● **INSTRUCTIONS TO FOLLOW**:
When you transcribe the listing that follows, keep every line exact and omit the pictures.

***** PROVIDED DATA

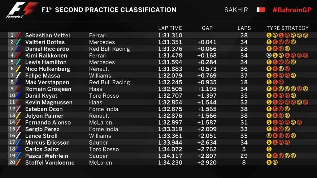 Ką tik pasibaigė antrosios laisvosios treniruotės Bahreine, greičiausią laiką užfiksavo Sebastianas Vettelis, antras Valtteri Bottas, trečias Danielis Ricciardo.
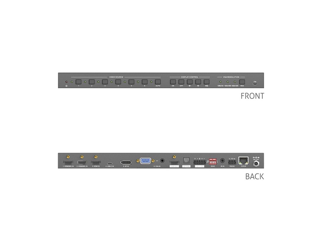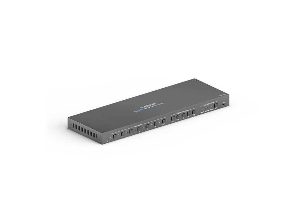 PT-PSW-61E 6x1 4K 18Gb/s multipřepínač se scalerem Vlastnosti: Přepíná 3 HDMI a USB-C / DisplayPort / VGA signály do 1 HDMI výstupu Podporuje 18Gb/s pro rozlišení až 4K UltraHD 60Hz HDMI 5V (HPD) nebo aktivní video stream (TMDS přepínání) Upscaling a downscaling až WUXGA pro VGA, analogový / digitální audio de-embedding EDID management, přepínatelný EDID, ovládácí funkceDoplňkové parametry
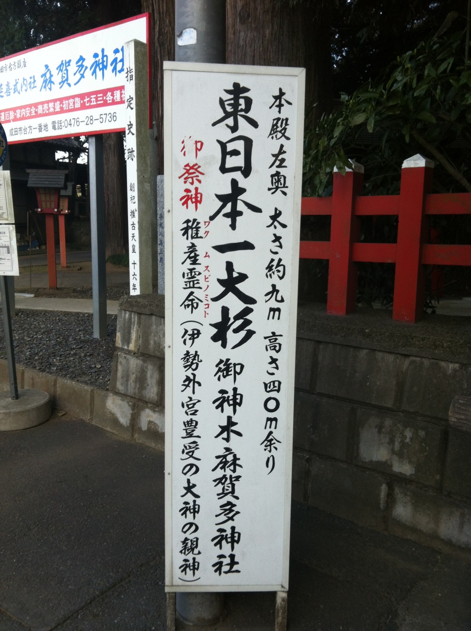 いつも成田山に参拝する際にこの前の道を通っていますが、東日本一大杉と大きな看板が掲げられています。
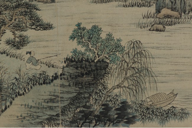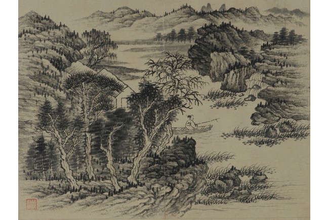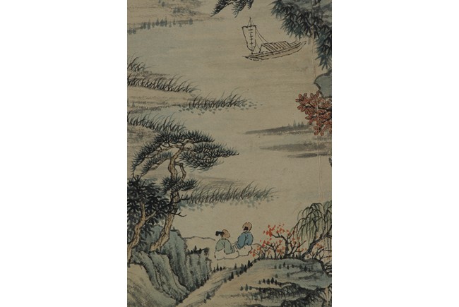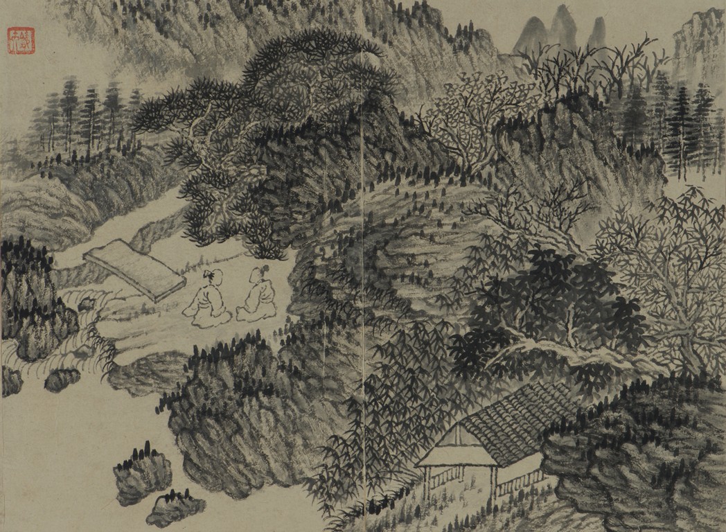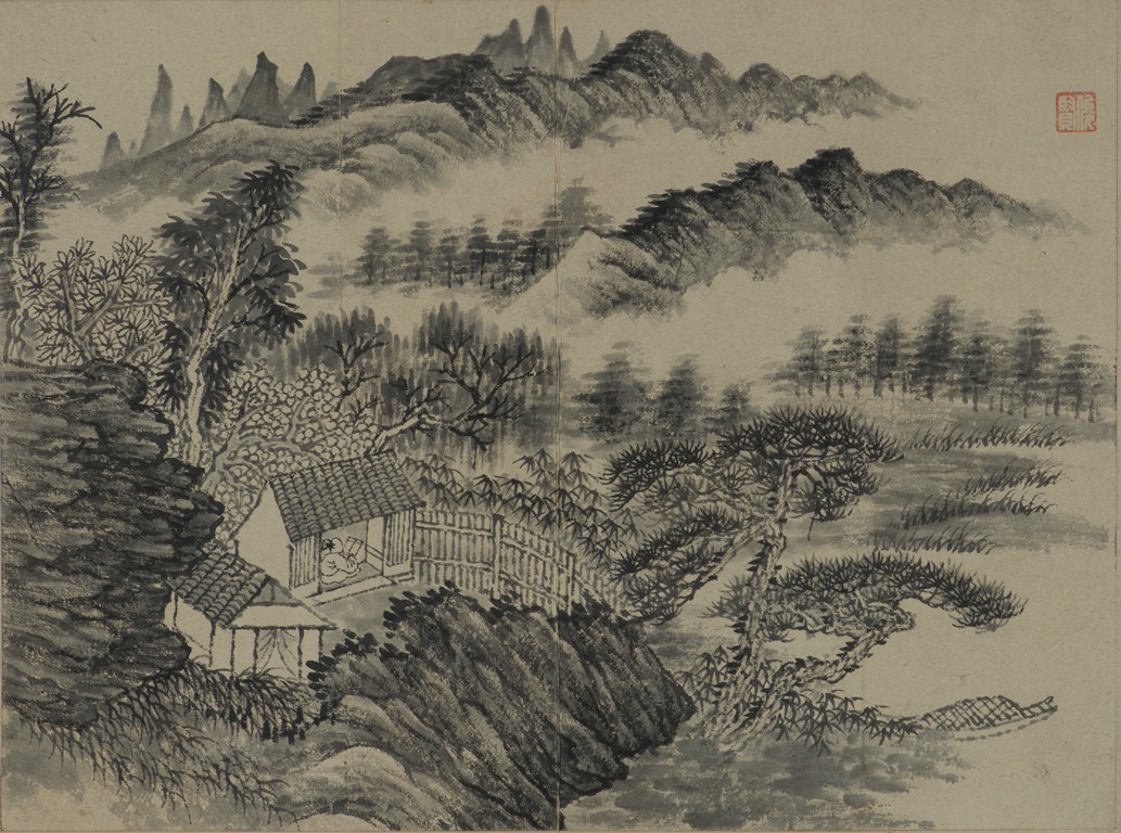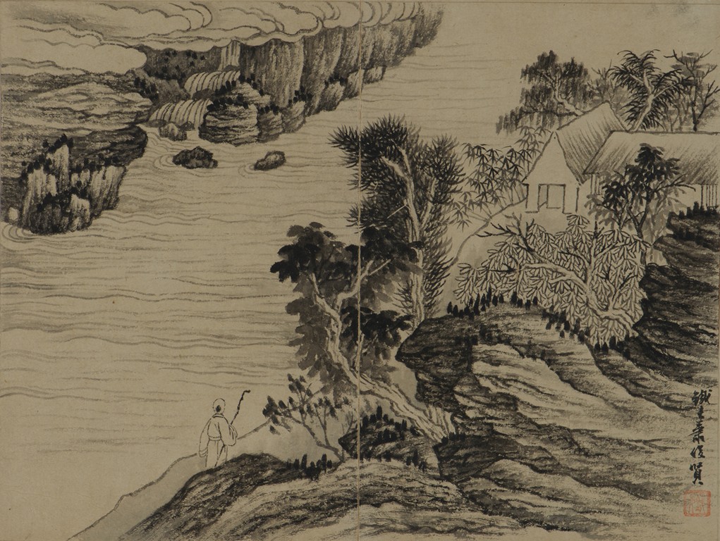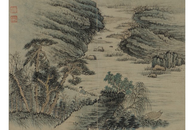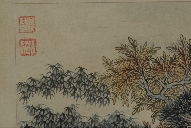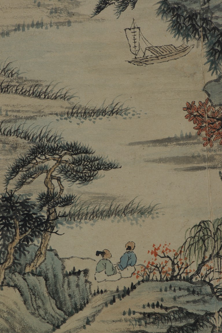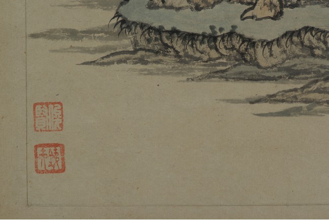 Color and ink on paper. Landscapes. Twelve-leaf Painting Album. Signed Xiao Junxian and with seals of the artist.

**********

● **TASK ANSWER**:
 Ką tik pasibaigė antrosios laisvosios treniruotės Bahreine, greičiausią laiką užfiksavo Sebastianas Vettelis, antras Valtteri Bottas, trečias Danielis Ricciardo.
 PT-PSW-61E 6x1 4K 18Gb/s multipřepínač se scalerem Vlastnosti: Přepíná 3 HDMI a USB-C / DisplayPort / VGA signály do 1 HDMI výstupu Podporuje 18Gb/s pro rozlišení až 4K UltraHD 60Hz HDMI 5V (HPD) nebo aktivní video stream (TMDS přepínání) Upscaling a downscaling až WUXGA pro VGA, analogový / digitální audio de-embedding EDID management, přepínatelný EDID, ovládácí funkceDoplňkové parametry
 いつも成田山に参拝する際にこの前の道を通っていますが、東日本一大杉と大きな看板が掲げられています。
 Color and ink on paper. Landscapes. Twelve-leaf Painting Album. Signed Xiao Junxian and with seals of the artist.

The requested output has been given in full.